The Directors of your Company continuously making efforts to introduce world class technology into their business. On the same line following machines were introduced during the period under review.


·         Bevelling machines 105”- 1no, 16”- 2nos, 24”- 2nos. Now our Bevelling capacity enhance up to 105”.


·         Manual Plasma Cutting machines.


·         Hanger type blasting machine for fittings


·         EOT Cranes (5T- 3nos, 2T- 5nos, JIB Crane 3T-1no, 1T- 1no)


·         Furnace (HTF-05) upgradation for P-91 material


·         Hydro test capacity up to 85” & 22 mtr length wise


·         Addition of Welding Tractor technology


·         Flextec (5G) welding capacity up to SS pipe 64”


Achievement


·         Develop Titanium Shop facility to handle jobs related to Exotic Material.


·         Heat Treatment capacity enhancement up to 56” Elbow with Quenching fork mechanism


·         Increase capacity of SAW Roll weld pipe 20” to 16”

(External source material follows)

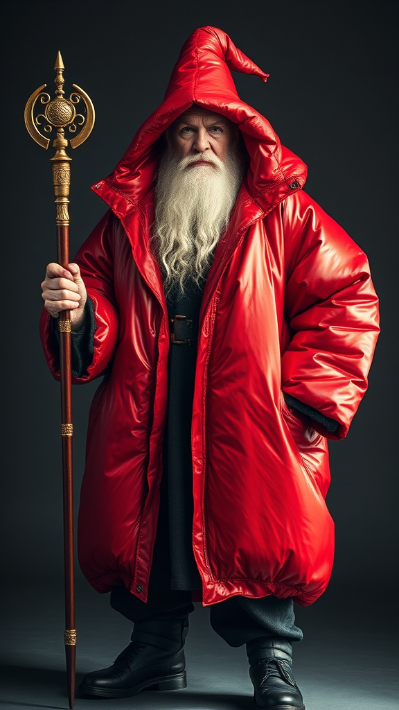 A majestic Gandalf stands holding a scepter, illuminated under the soft, indirect lighting characteristic of a high-fashion editorial shoot. His metallic red inflatable oversized jacket, a striking creation by Yeezy and Balenciaga, contrasts dramatically with his renowned wise demeanor. The focus is sharp, capturing every intricate detail of this unique attire. Gandalf’s presence exudes a cinematic glamour — the symmetrical balance of his pose enhances the overall allure. The portrait, evocative of full-body paintings, achieves the elegance synonymous with Vogue’s highest standards. His skin, showing the tales of his age, adds authenticity while maintaining the visage’s clarity. The entire scene encapsulates a fusion of fantasy and modern fashion, rendered without error, showcasing Gandalf’s iconic character in an unexpected yet captivating realm.

·         Welding capacity development up to 96” dia


·         Addition of shop floor facility


          a) In P-1 33x23 mtr


          b) In P-2 47x14.5 mtr (2 bay)


During the year Company has added three more features in its Hat:


M-File :- allows you to finally understand how data and business processes flow across your enterprise, allowing you to finally conduct a risk-based approach to quality processes, approval history and audit trails mean that documents are always highly traceable in a way that meets your security expectations. The Companies must comply with laws and regulations as well as industry standards and internal policies. The ability to separate business-critical or confidential data from the big picture helps you handle sensitive information appropriately. Automated workflows facilitate regulatory compliance and automated audit trails. M-Files is also officially certified as an audit-proof document management system.

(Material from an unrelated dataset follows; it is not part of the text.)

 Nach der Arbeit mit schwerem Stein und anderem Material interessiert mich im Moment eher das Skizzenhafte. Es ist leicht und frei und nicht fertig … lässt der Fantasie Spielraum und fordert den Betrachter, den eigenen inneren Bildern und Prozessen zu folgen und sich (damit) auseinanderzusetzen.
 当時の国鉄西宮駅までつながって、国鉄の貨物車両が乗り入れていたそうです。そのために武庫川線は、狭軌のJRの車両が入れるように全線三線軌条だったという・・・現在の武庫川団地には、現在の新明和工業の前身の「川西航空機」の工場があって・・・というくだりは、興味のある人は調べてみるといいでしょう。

CISCO VC Solution :- After Covid outbreak most of the Company communication shifted from physical meetings to virtual using various third party software. Your Company has also followed the trend and introduced CISCO VC Solution. The biggest advantage of CISCO video conferencing is the instant connection it provides. Essentially, you get the benefit of an in-person interaction regardless of the amount of people involved or where those people are located.


E3D Software for Engineering Purpose :- As you know the manufacturers across industries racing to increase productivity, every new technology and process could mean another step ahead of the competition. To meet the market demand beforehand your Company has purchased E3D Software this will help Company to switch from 2D to 3D modelling.

Details regarding foreign exchange earnings and outgo

Refer note no. 34 of the Audited Standalone Financial.

Disclosures in director’s responsibility statement



Pursuant to the provisions of Section 134(5) of the Companies Act, 2013, your Directors do hereby confirm that:


a)      In the preparation of the Annual Accounts for the year ended 31st March, 2022, the applicable Accounting Standards have been followed along with proper explanation relating to material departures;


b)      The Directors have selected such accounting policies and applied them consistently and made judgments and estimates that are reasonable and prudent so as to give a true and fair view of the state of affairs of the Company as at 31st March, 2022 and of profit & loss of the Company for that period;


c)       The Directors have taken proper and sufficient care for the maintenance of adequate accounting records in accordance with the provisions of the Companies Act, 2013, for safeguarding the assets of the Company and for preventing and detecting fraud and other irregularities;


d)     The Directors have prepared the annual accounts on a going concern basis; and


e)      They have devised proper systems to ensure compliance with the provisions of all applicable laws and that such systems were adequate and operating effectively.